I’ve gotten many requests over the last year or so to drop a pho recipe.
My reluctance was that a classic pho, namely the precious broth, can take many hours to make which would not appeal to most home cooks who prefer fast and quick meal preps.
But Pho is one of my favorite soup go-to’s to order out and being in Hong Kong a lot now there are plenty of good options
So to split the difference I’m going to drop a classic-ish pho recipe then follow with a shorter pho recipe in the next post and some other Vietnamese condiments that you probably want to keep on hand to amp up flavor in your meals on a moments notice.
The Broth
If you talk to native Vietnamese people you will quickly find that Pho and its’ broth can be divided between North & South flavor profiles. Or Saigon vs Hanoi.
The pho broth that I love is almost crystal clear, not cloudy. A result of low and slow simmering. Rapid boiling will emulsify fats and proteins that will make a broth cloudy which is fine when you’re making Tonkotsu Ramen but that’s not what we are after here.
Also the aromatics and spices that go into pho are wholly unique. Charring alliums to add a subtle sweet and smoky notes plus warming spices create a broth that is quite literally “healing”. A bowl of this when you have a sinus infection or head cold is medicinal and delicious.

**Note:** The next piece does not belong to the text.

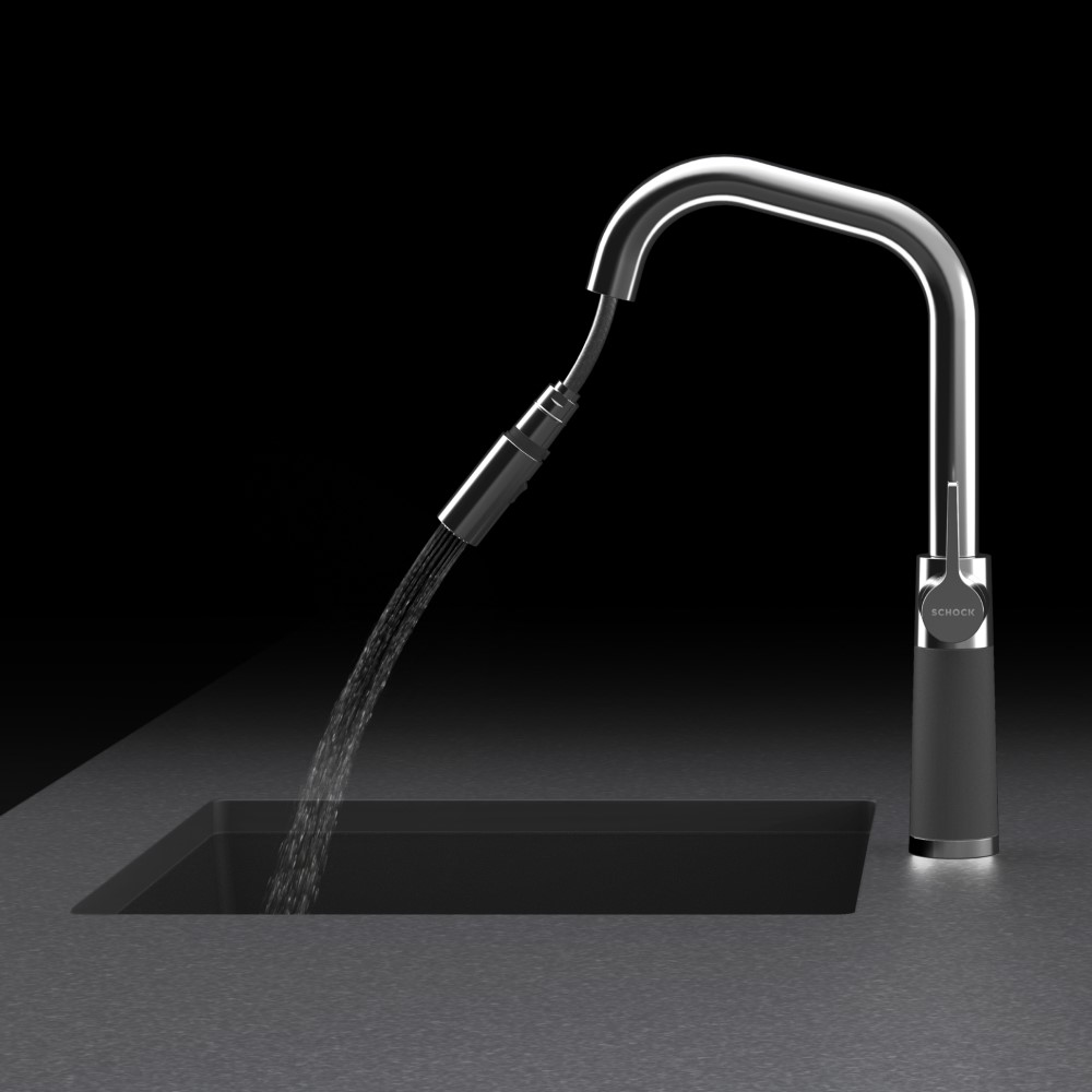 Kuhinjska armatura SCHOCK SC-530 556120 je elegantna armatura z visokim izlivom. En del armature je kromiran, drugi del pa je narejen iz naravnega kamna Cristadur®. Kamniti del armature je popolnoma enak kot pri pomivalnih koritih SCHOCK, zato lahko s to armaturo dosežete popolno ujemanje z vašim kamnitim koritom SCHOCK.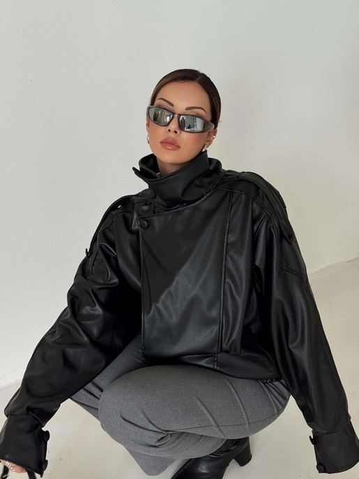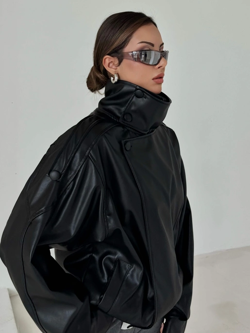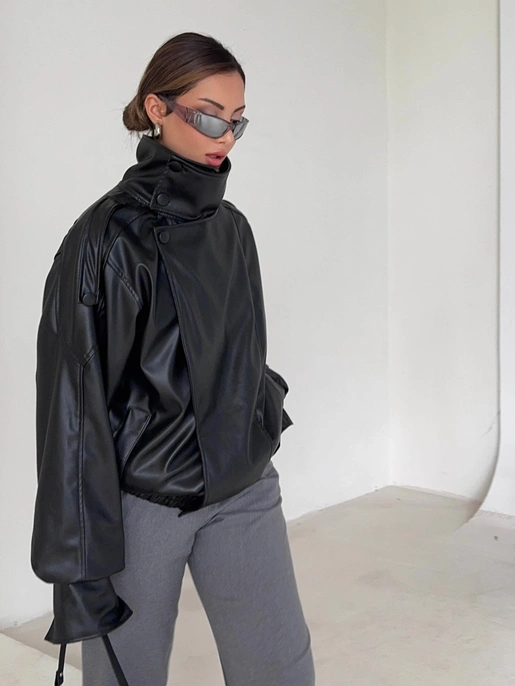 Düğme Detaylı Fermuarlı Beledan Siyah Kadın Deri Mont

You can’t discuss pho broth without discussing bones. Since this is beef pho, which is classic, you’ll want to get a variety of beef bones. Given the cost of beef bones I’d recommend a 1:1:1 ratio of neck bones, marrow bones and knuckle bones. (Try and get knuckle bones with lots of connective tissue which will add some richness to the broth).
Blanching the bones is mandatory IMO for a clear and pure broth; more on that below.
Building Your Pho Bowls 🍲
The beauty of pho is that once you have your broth, the soup comes together relatively quickly making it a great weeknight meal; freeze your broth in quart containers and thaw the day before you want your pho.
The hack here is to hit up your local asian market and get the paper thin sliced beef steak. Once your dried flat narrow rice noodles are cooked you lay in the thinly sliced beef steak and ladle your broth over, which cooks the steak immediately and keeps it tender as well.
As for toppings?
I love to add fresh thai basil, mint, cilantro, bean sprouts, scallions, jalapeno and a dash of sriracha if I want an extra zing.